Our study also shows that high classification accuracies can be obtained across sessions, which attests to the good reliability of the procedure. The stable representation of valence across the brain and across time is relevant for further clinical applications such as fMRI neurofeedback. Future neurofeedback studies will have the option to provide feedback of brain patterns (LaConte, 2011; Shibata et al., 2011; Sitaram et al., 2011) instead of restricted ROIs which might lead to more pronounced behavioural effects. As an example, the design of this study could be translated into a neurofeedback paradigm in which depressed patients would receive neurofeedback on their emotion regulation in response to the presentation of the positive, negative or neutral IAPS pictures. As depression has been associated with physiological abnormalities that are dispersed across the brain, it might be crucial to attempt to regulate patterns of brain activity across the whole brain with the aid of MVPA. Given the time constrains that apply to neurofeedback, the feasibility of real-time feedback from a pattern classifier was tested by running the SVM procedure only once. This resulted in very high prediction accuracies suggesting that the future for neurofeedback experiments applying real-time classification looks promising.
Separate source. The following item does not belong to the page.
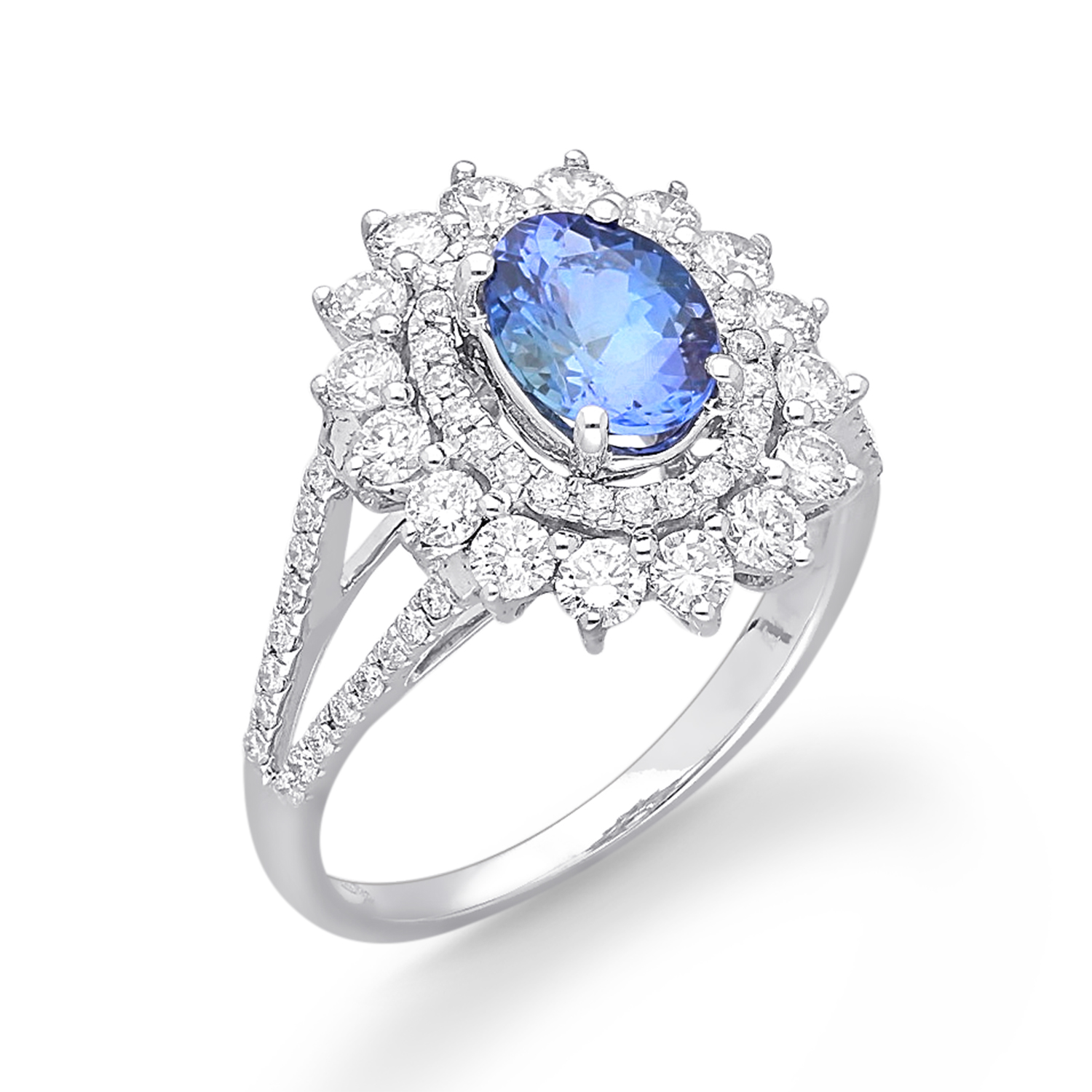 14K WHITE GOLD MULTI SAPPHIRE DIA RING

4.2. Univariate versus multivariate analysis
Although the sensitivity threshold of the univariate and multivariate analysis seems to differ only marginally, the group-level probability maps resulting from the univariate analyses were based on a substantially higher number of voxels due to the feature elimination steps conducted in the multivariate analyses. While the masks used to create the univariate-based group maps contained on average 109,701 voxels, the number of voxels that survived RFE ranged from 600 to 1400. Hence the likelihood of spatial overlap between discriminative voxels was much higher in the univariate compared to the multivariate analysis. Yet, we found the opposite: the group-level probability maps based on the univariate analysis showed less spatial overlap than the multivariate-based group maps. Because of the ability of MVPA to detect fine-grained activation patterns, MVPA thus seems more sensitive to detect stable representations. One reason for the lower stability of the univariate analysis might be that the activity levels in the areas for different conditions cancel each other out because of the high overlap between the conditions (Murphy et al., 2003). Another explanation could be that relatively weak activations that discriminated between conditions are too subtle to be picked up by univariate approaches. Several studies that compared the neural correlates of different valence conditions via a passive IAPS picture viewing paradigm in healthy subjects did find suprathreshold clusters. A direct comparison of negative over positive valence for instance resulted in clusters in the bilateral VLPFC and along the left middle and bilateral superior temporal gyrus in one study (Kensinger and Schacter, 2006), yet did not result in any significant clusters in another (Gerdes et al., 2010). It must be noted however that different studies selected different pictures from the IAPS database and that these studies were conducted in healthy individuals.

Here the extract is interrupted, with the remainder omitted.